## Problem requirements:
Your answer should hold only the lines from the one containing "高級ボールペンの代名詞とも言" through the last line below, copied exactly; pictures stay out.

Data excerpts:
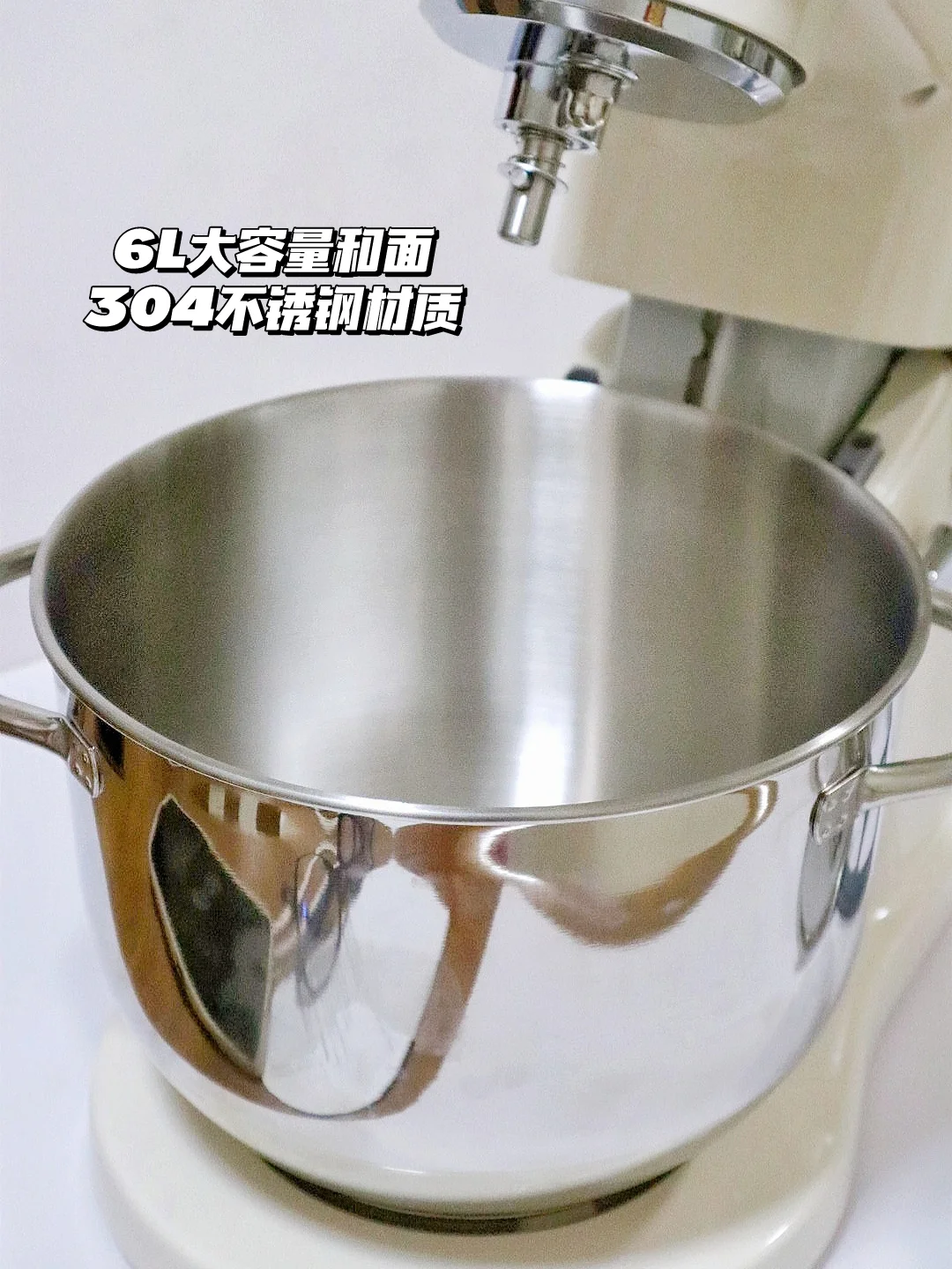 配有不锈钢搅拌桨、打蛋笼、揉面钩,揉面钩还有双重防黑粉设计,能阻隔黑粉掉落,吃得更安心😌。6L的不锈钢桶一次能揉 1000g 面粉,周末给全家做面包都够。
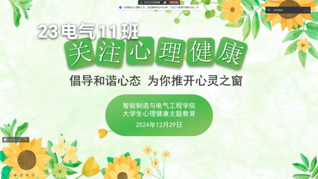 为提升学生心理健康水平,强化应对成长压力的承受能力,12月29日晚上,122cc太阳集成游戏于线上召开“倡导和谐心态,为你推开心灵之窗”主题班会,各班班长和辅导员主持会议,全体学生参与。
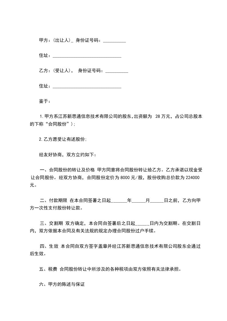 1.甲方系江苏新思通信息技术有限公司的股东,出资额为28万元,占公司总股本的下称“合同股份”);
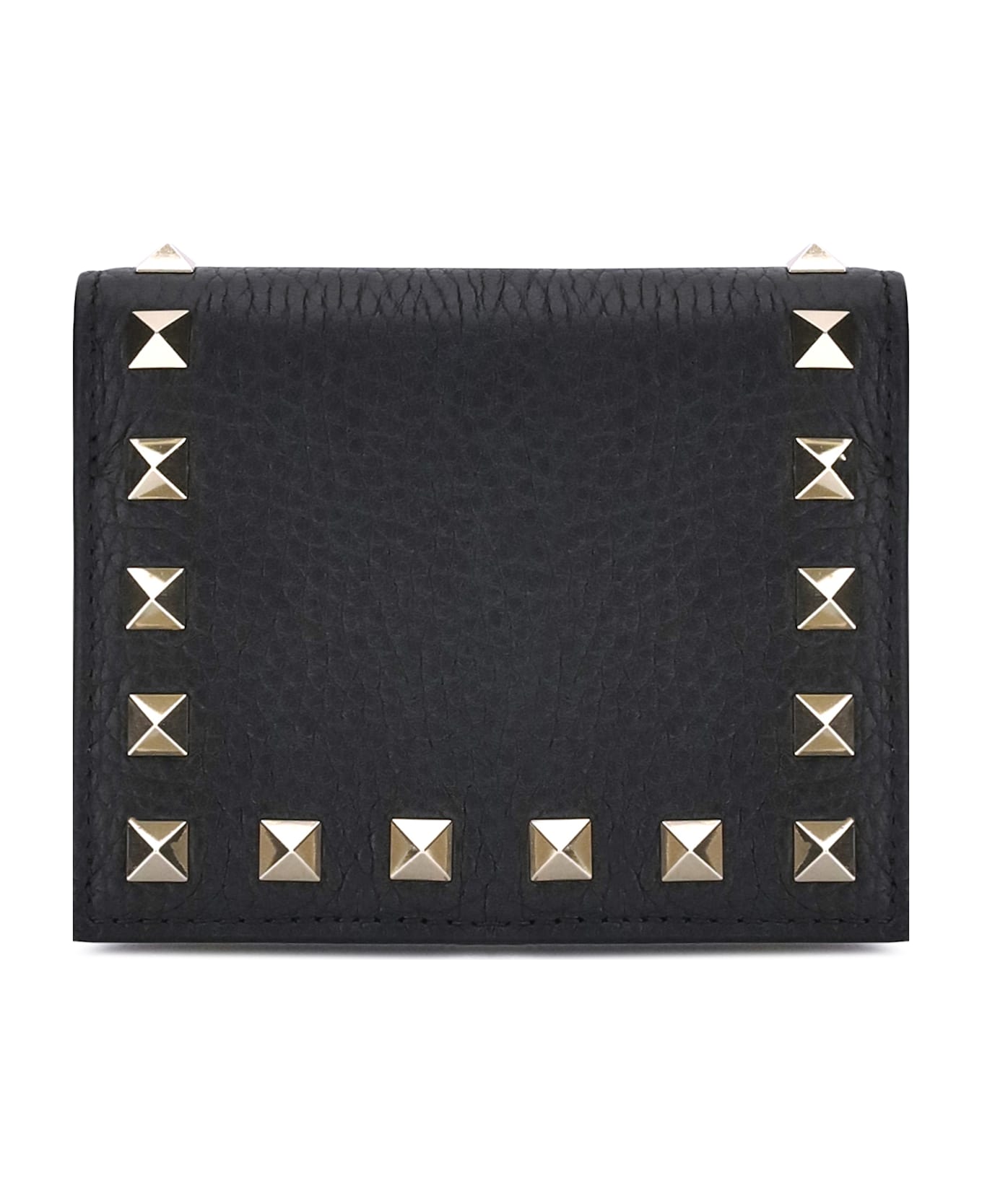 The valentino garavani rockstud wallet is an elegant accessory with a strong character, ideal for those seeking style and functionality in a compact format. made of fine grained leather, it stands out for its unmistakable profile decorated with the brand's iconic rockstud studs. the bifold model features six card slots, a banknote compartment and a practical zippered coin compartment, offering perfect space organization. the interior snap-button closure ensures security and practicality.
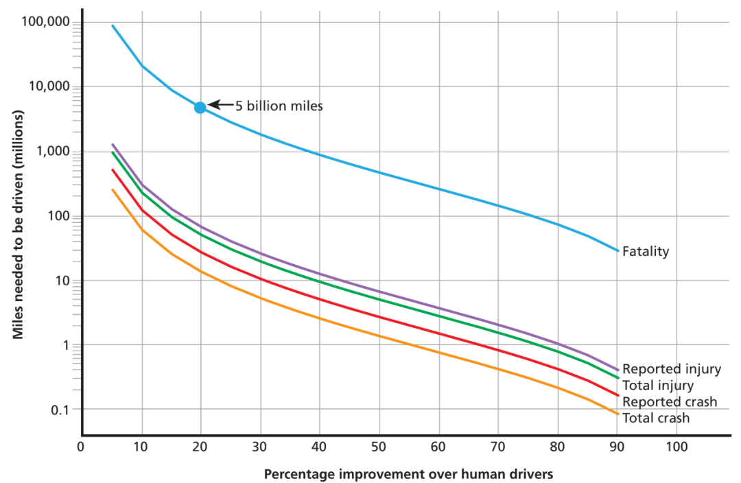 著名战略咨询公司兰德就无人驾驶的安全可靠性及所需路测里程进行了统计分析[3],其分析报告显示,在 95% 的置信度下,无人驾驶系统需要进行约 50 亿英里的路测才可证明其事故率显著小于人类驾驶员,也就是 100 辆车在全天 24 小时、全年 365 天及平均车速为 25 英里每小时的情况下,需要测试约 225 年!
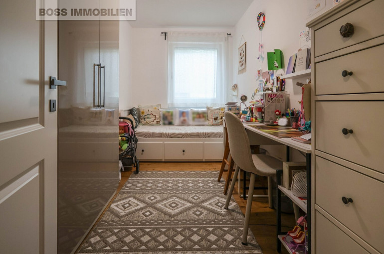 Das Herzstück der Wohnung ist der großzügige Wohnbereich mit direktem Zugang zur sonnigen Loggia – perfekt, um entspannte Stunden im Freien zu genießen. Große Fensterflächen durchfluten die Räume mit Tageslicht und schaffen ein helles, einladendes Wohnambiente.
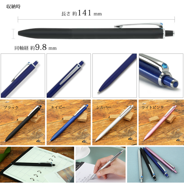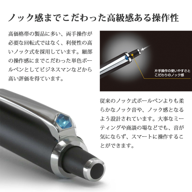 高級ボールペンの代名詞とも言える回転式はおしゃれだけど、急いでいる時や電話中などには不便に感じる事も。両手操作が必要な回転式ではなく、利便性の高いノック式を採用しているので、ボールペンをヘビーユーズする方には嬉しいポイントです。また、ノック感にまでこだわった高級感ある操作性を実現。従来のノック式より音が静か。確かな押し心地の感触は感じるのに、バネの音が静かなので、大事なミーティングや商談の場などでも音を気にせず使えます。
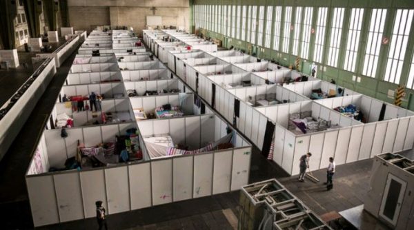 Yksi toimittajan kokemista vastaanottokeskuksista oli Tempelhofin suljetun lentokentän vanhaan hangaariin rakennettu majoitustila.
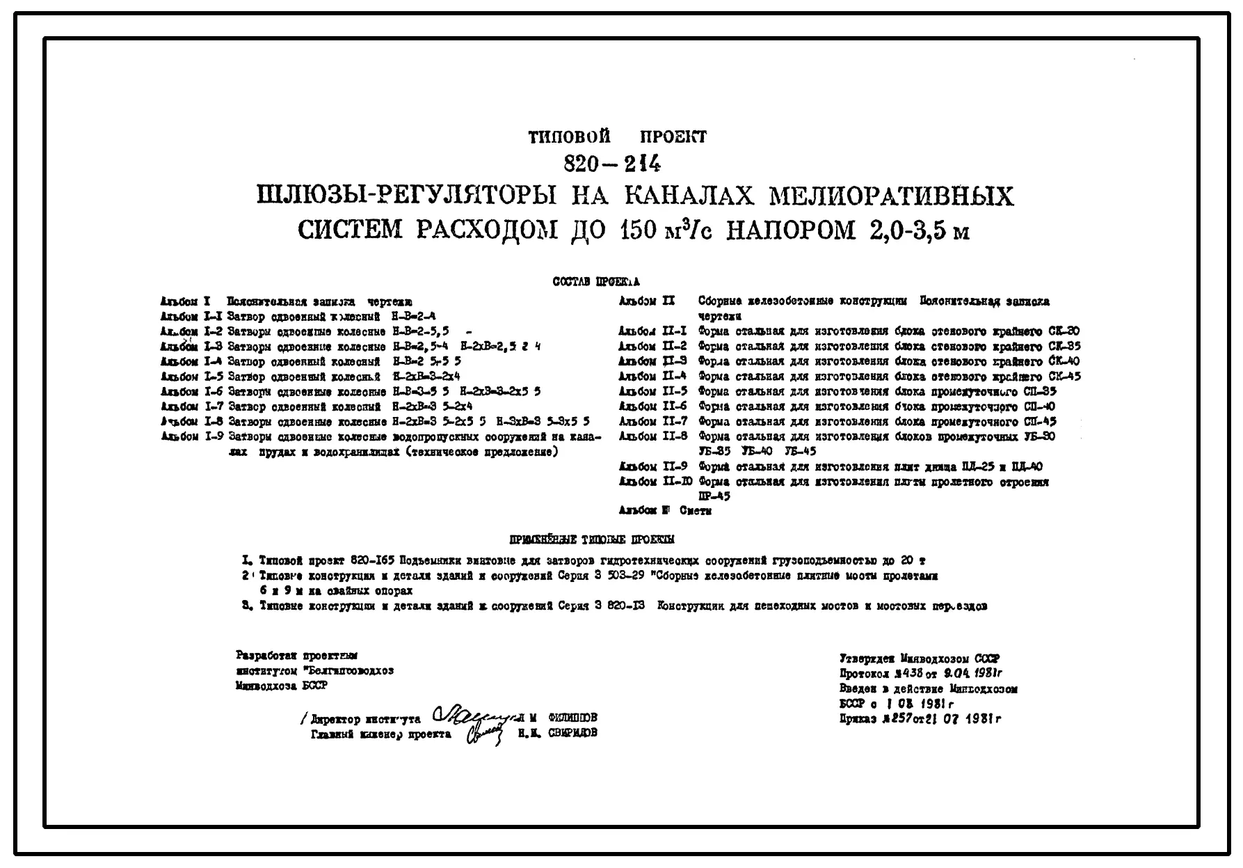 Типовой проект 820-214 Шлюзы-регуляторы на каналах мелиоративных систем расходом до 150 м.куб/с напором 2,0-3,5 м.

## Your solution:
 高級ボールペンの代名詞とも言える回転式はおしゃれだけど、急いでいる時や電話中などには不便に感じる事も。両手操作が必要な回転式ではなく、利便性の高いノック式を採用しているので、ボールペンをヘビーユーズする方には嬉しいポイントです。また、ノック感にまでこだわった高級感ある操作性を実現。従来のノック式より音が静か。確かな押し心地の感触は感じるのに、バネの音が静かなので、大事なミーティングや商談の場などでも音を気にせず使えます。
 Yksi toimittajan kokemista vastaanottokeskuksista oli Tempelhofin suljetun lentokentän vanhaan hangaariin rakennettu majoitustila.
 Типовой проект 820-214 Шлюзы-регуляторы на каналах мелиоративных систем расходом до 150 м.куб/с напором 2,0-3,5 м.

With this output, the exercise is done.